To configure an absolute import, you'll need to utilize the DatabricksIntellisense extension's mapping feature:

  1. Open the DatabricksIntellisense extension panel, typically found in your editor's sidebar.

  2. Click on the "Add Mapping" button. This will open a configuration interface.

  3. In the "From" field, specify the absolute path as you would write it in your Databricks notebook. For instance, to import printer.py from the another_folder, you would enter:

    #MAGIC %run /another_folder/printer

  4. Click the "Browse" button. This will open a file explorer dialog.

  5. Use the file explorer to navigate and select the printer.py file on your local filesystem that corresponds to the absolute path you specified.

  6. Finally, click "Save Mappings" to store your configuration.

main.py


# Databricks Notebook source
# MAGIC %run ./data_processor
# MAGIC %run ./other_folder/string_analyzer
# MAGIC %run ./average
# All files are either imported using a relative path (shown above) or an absolute path (show below). Absolute paths should not use the ./ notation and instead should be specified in the extention's menu.
# MAGIC %run /another_folder/printer

# COMMAND ----------
# This is a second databricks notebook which reuses the classes and functions from the first notebook

# COMMAND ----------
# Example Usage: Reusing DataProcessor Class

# Create an instance of the DataProcessor class
dp = DataProcessor([1, 2, 3])
new_input_numbers = [10, 20, 30, 40]
new_processor = DataProcessor(new_input_numbers)


new_processor_2 = DataProcessor(new_input_numbers)

s = StringAnalyzer("hello world")
s.get_unique_words()


lp = ListProcessor(numbers)
lp.sum_of_list()

s.get_word_count(self)
# Process the data
new_processor.square_numbers()
new_processor.add_constant(5)

# Get the processed data
new_processed_numbers = new_processor.get_processed_data()

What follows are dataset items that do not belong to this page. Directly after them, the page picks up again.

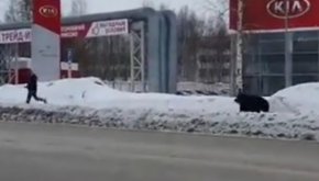 Развълнувано животно беше заснето да преследва мъж по улицата на хладен сибирски град, малко след като избяга от местен хотел, предаде RT.
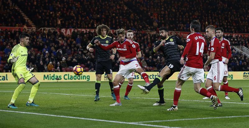 Diego Costa scored his 10th goal of the season as Chelsea won 1-0 at Middlesbrough to record a sixth consecutive victory and take over at the Premier League summit.
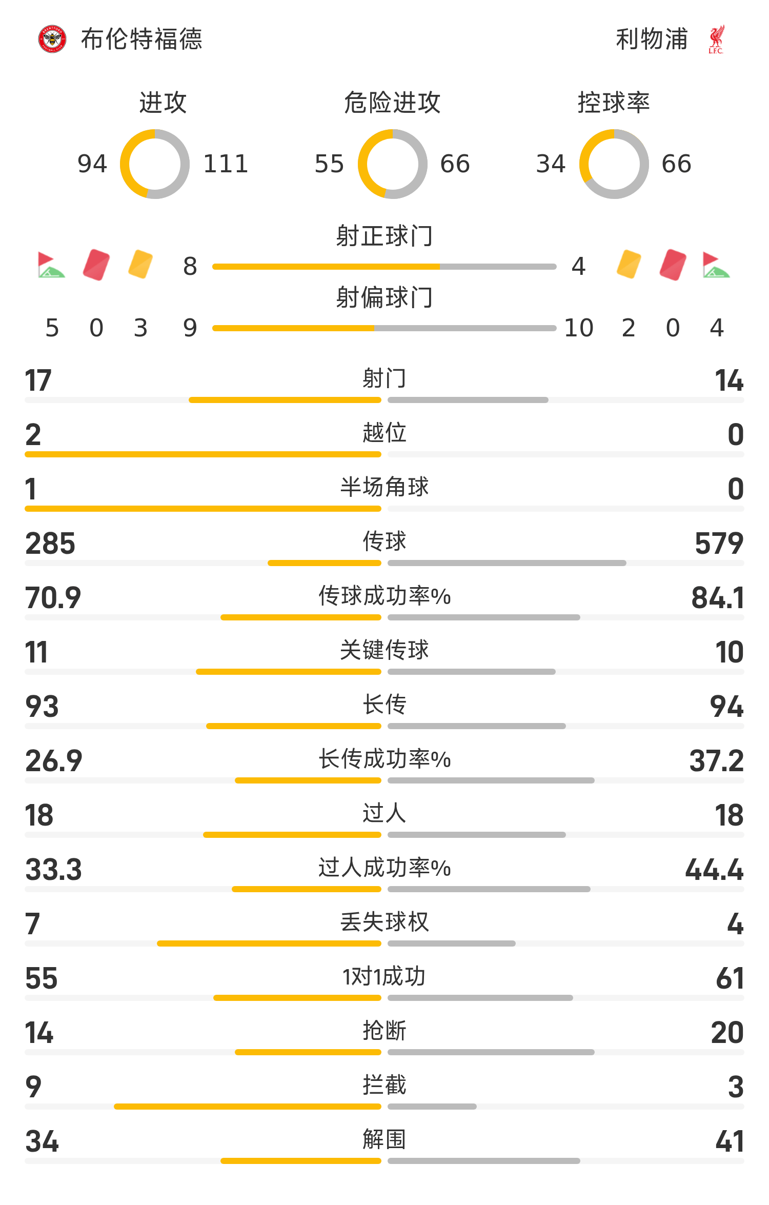 英超戰報:蒂亞戈點射,利物浦2-3布倫特福德,聯賽事4連敗
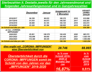 UND DAS ALLES AUCH TROTZ FRÜHZEITIGSTER „WARNUNGEN VOR DER SPRITZE“ DURCH „AUSGEGRENZTE“ ANERKANNTE WISSENSCHAFTLER „WELTWEIT“ UND DEN ZAHLEN VON „DESTATIS (laufend aktualisierte Gesamtsterbe- DATEN mit Altersaufgliederungen über Jahre seit 2016 hinweg in Deutschland)“ UND DES „RKI“ ebenfalls laufend aktualisierte DATEN über tägliche angebliche „CORONA- STERBEFÄLLE“ vor und mittels später (ab Dez. 2020) der „IMPFUNGEN“…..
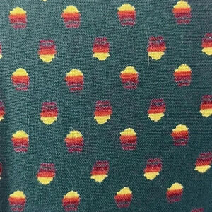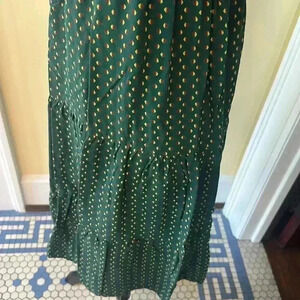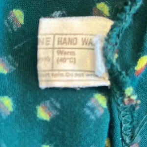 Nice pre-owned vintage condition, no flaws to note. No tags for brand or materials except for the one pictured. Puff at shoulder of sleeve. V-neck with high waistline, pleating at bust. Tiered midi skirt. Zips up the back. Not lined. No size tag, but fits my dress form perfectly, so I’m listing as a small. However, please see measurements for a more accurate size. Pattern reminds me of Farm Rio.
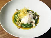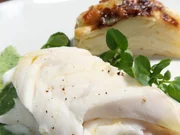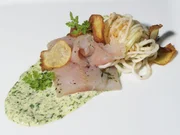 Gebackener Presssack / Zander in der Salzkruste / ZwetschgendatschiZander in der Salzkruste mit grüner Sauce und Kartoffel-Kohlrabi-Gratin.Bild: © BR/Jürgen Endriß

# Print the new processed data
print(f"New processed numbers: {new_processed_numbers}")

# COMMAND ----------
# Example Usage: Reusing calculate_average function

# Calculate average of new data
new_average = calculate_average(new_processed_numbers)

if new_average is not None:
    print(f"The average of the new processed data: {new_average}")
else:
    print("Could not calculate average as input list was empty")


# COMMAND ----------
# Example with more complex data

# Create a new instance with more complex input
complex_input = [1.5, 2.5, 3.5, 4.5, 5.5]
complex_processor = DataProcessor(complex_input)
complex_processor.

# Process the complex data
complex_processor.square_numbers()
complex_processor.add_constant(-2)
complex_processed_data = complex_processor.get_processed_data()

# Print results
print(f"Complex processed data: {complex_processed_data}")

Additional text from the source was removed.